Now open RStudio and take a deep breath. Don’t panic. This will all be very familiar in a few short months.

Initiate a new project by going to File and clicking New Project.

Creating a new project Then select Existing Directory and hit Browse. Navigate to the folder titled Lab 0. Open it, then hit Open.

If you’ve done this correctly, your new folder, “Lab 0” should appear in the bottom-right R Studio window pane, under the tab “Files” Likewise, the folder name, “Lab 0” should appear in the upper-right hand corner, indicating the current project’s name.

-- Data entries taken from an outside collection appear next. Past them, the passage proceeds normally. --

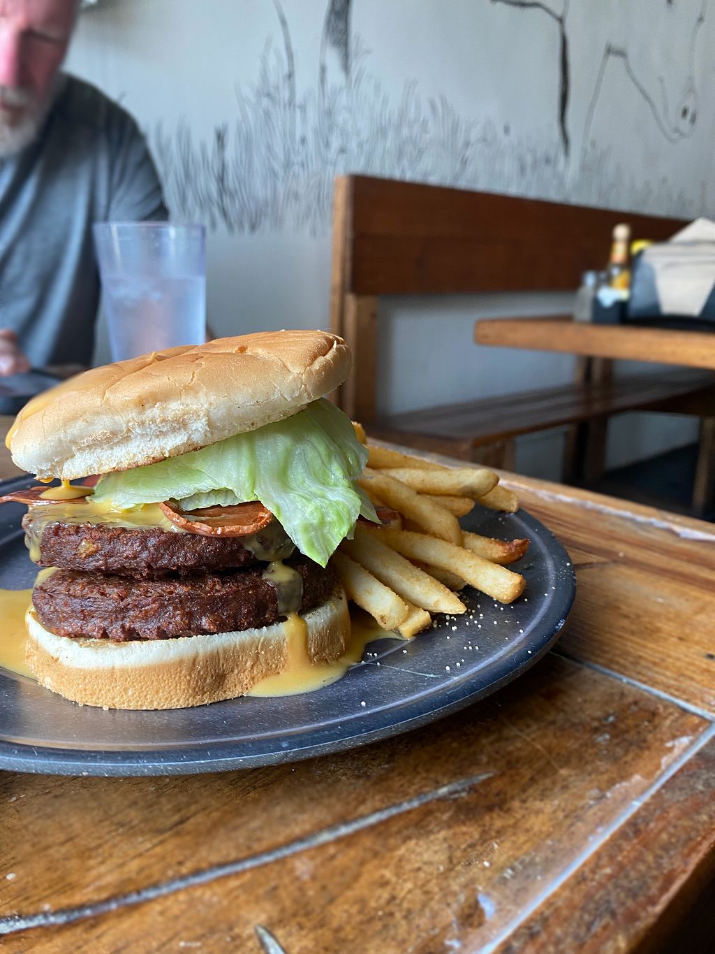 Double burger with back and nacho cheese. With fries.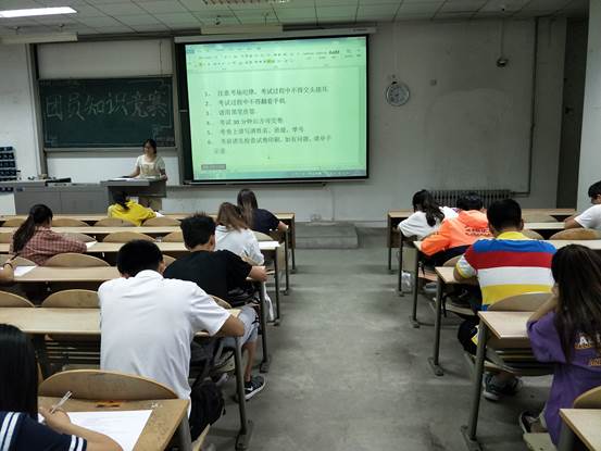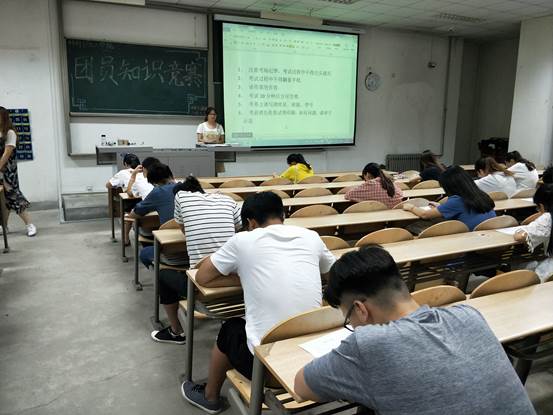 团委于2018年5月31日在教二-111组织开展团员知识竞赛。参加本次竞赛的为16级和17级推选出来的团员代表,由学生组织团委副书记尹相伟及团委部分成员负责监考工作。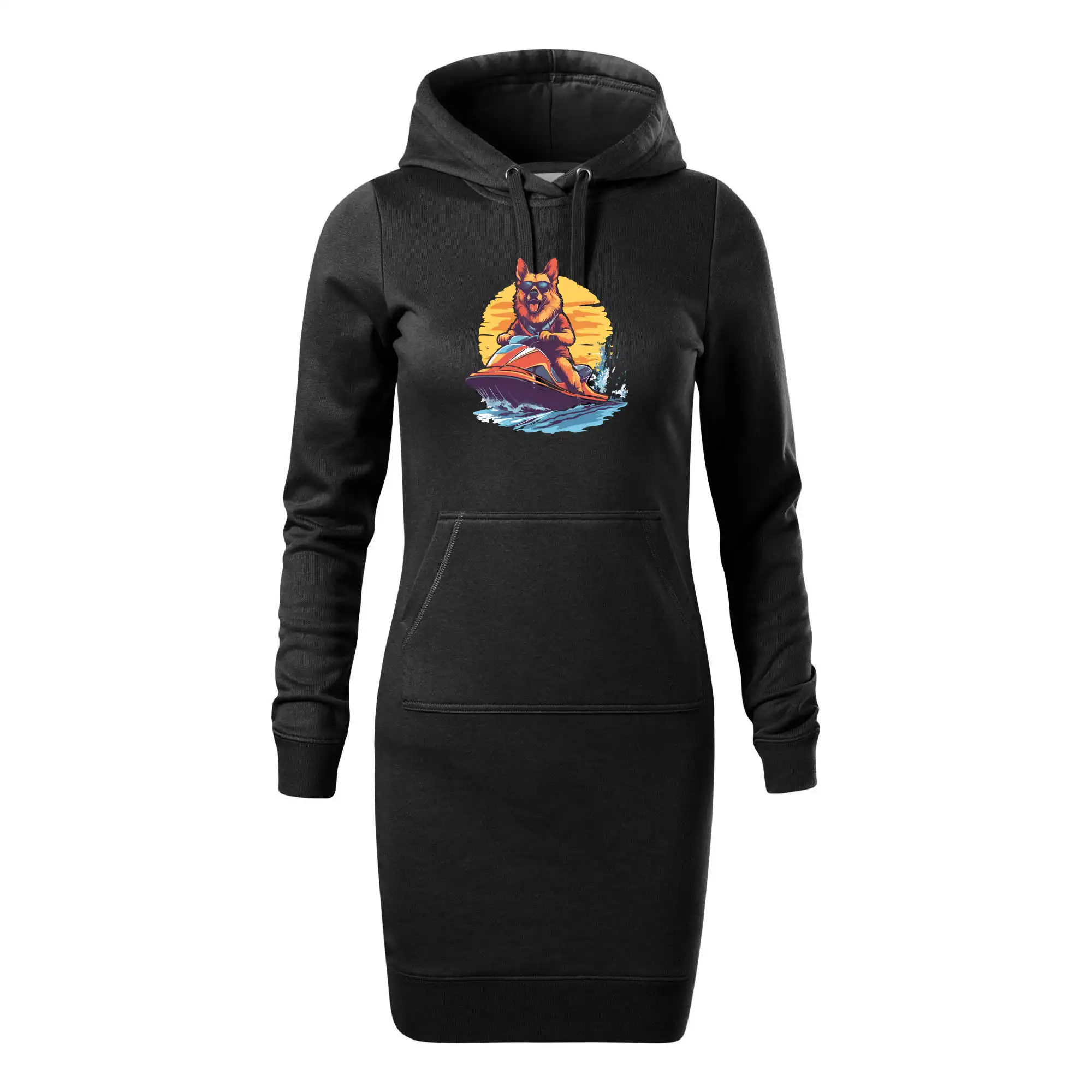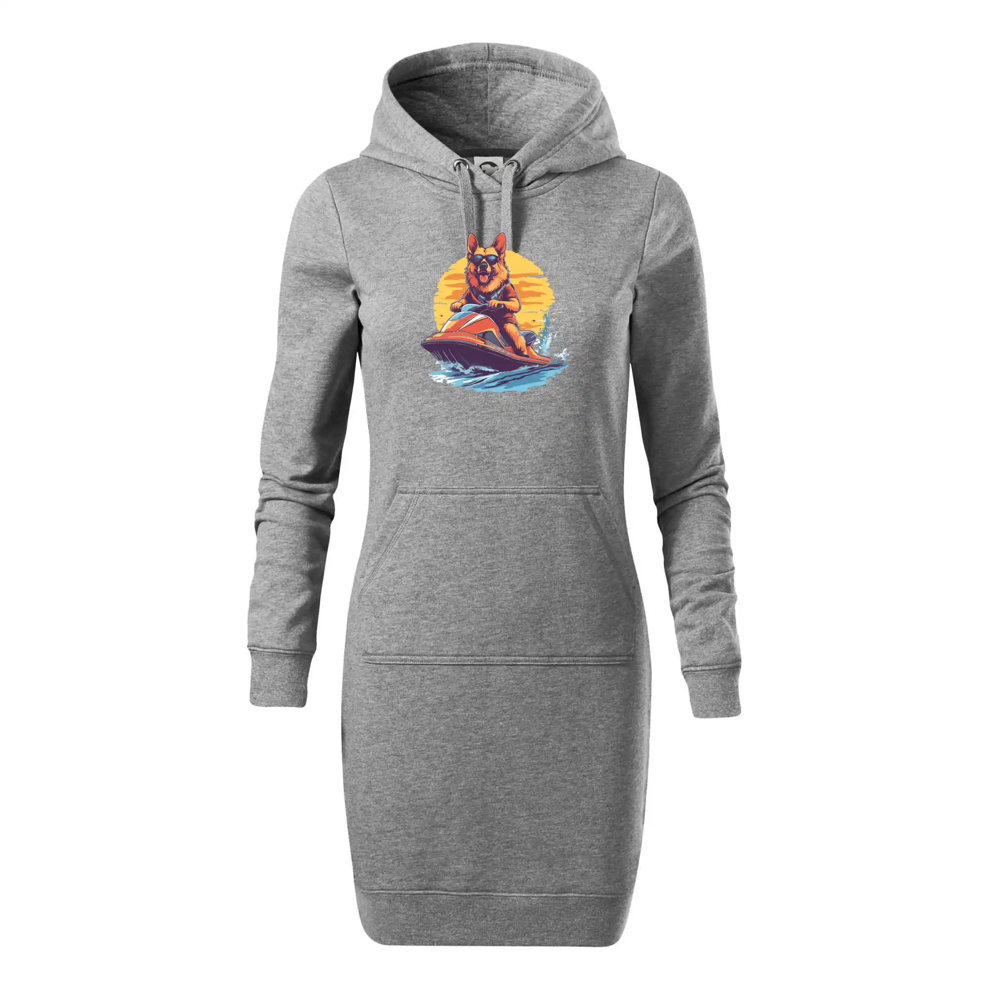 Nemecký ovčiak na vodnom skútri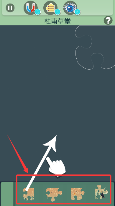 3、移动底部图块至对应位置,逐步还原古建筑完整风貌。
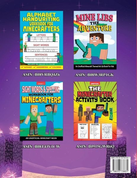 NOT OFFICIAL MINECRAFT PRODUCT. NOT APPROVED BY OR ASSOCIATED WITH MOJANG. Does your kid love coloring, activities & Minecraft? Then this is the book you're looking for! Features: * Tons of pages and activities! * Single-sided pages for no bleed through, easy-to-remove pages * Large size 8.5x11'' * A variety of pages including all minecrafters favorite characters * Hours of fun! * Great gift for all occasions This awesome unofficial Minecraft activity book features every gamer's favorite characters for hours and hours of fun! Scroll up and grab your copy today!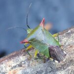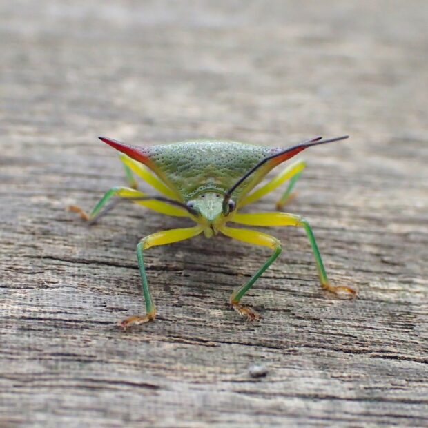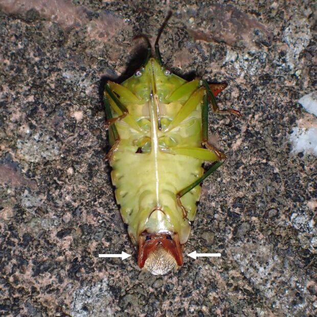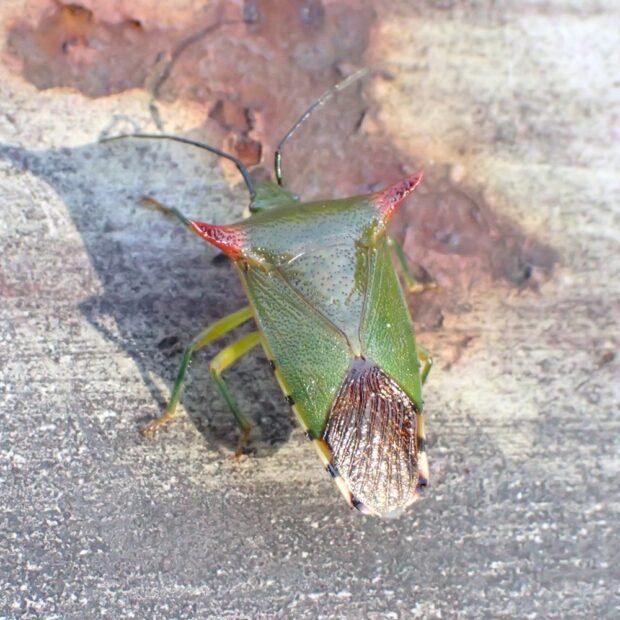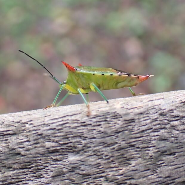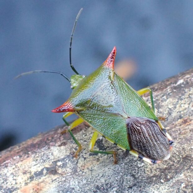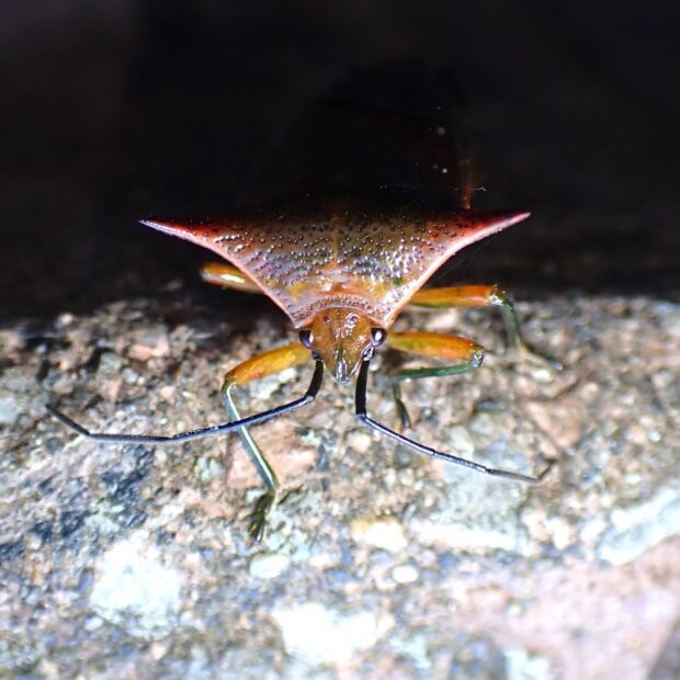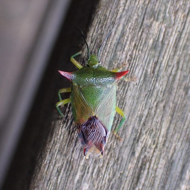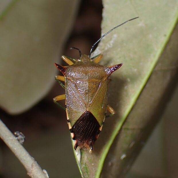 胸の両側の赤いツノが極めて鋭いツノカメムシ。 幼虫は主にケンポナシで育つことが知られています。 オスは、 腹部の末端に赤いハサミ状の突起がありますが、 メスにはありません。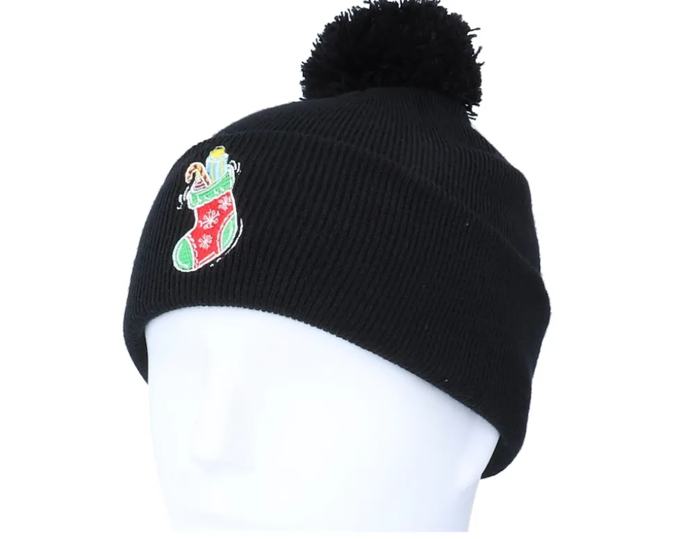 Kids Christmas Sock Gift Black Pom Pom Beanie – Iconic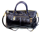PRADA BL0639深藍色水牛皮拉鏈手挽及側背橫向手袋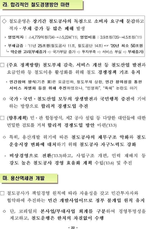 º¸µµÀÚ·á¿¡ µû¸£¸é ¼ö¼¹ß KTX ¿î¿µ¿¡ ÀÖ¾î ¡®¹Î.°ü ÇÕµ¿¹æ½Ä, Á¦2°ø»ç ¼³¸³ µî ´Ù¾çÇÑ ´ë¾Èµé¿¡ ´ëÇÑ ¸é¹ÐÇÑ °ËÅ並 °ÅÃÄ °æÀïµµÀÔ¡¯¾ÈÀ» ¿À´Â 5¿ù±îÁö ¸¶·ÃÇÑ´Ù´Â °èȹÀÌ´Ù.

Task 2: Familiarize yourself with R Markdown

Now, you will open a special kind of document known as “R Markdown”. This is a text editor (like Word or Google Docs), but with a twist. You can implement the instructions you have written in the R programming language directly within the document. That is, you can “run code” directly within the document. This makes data analysis an interactive, iterative (and therefore fun?) process that usually proceeds as follows:

Write some code to generate new variables and perform statistical analysis
Run the code
Observe how your dataset behaved
Take a few notes (for Science)
Tweak code
Repeat

For each lab, we will provide you with a skeleton Markdown file. If you haven’t already, download that file (“lab0_705_fall2021.Rmd”, available at the top of this page) and save it to your folder named “Lab 0”.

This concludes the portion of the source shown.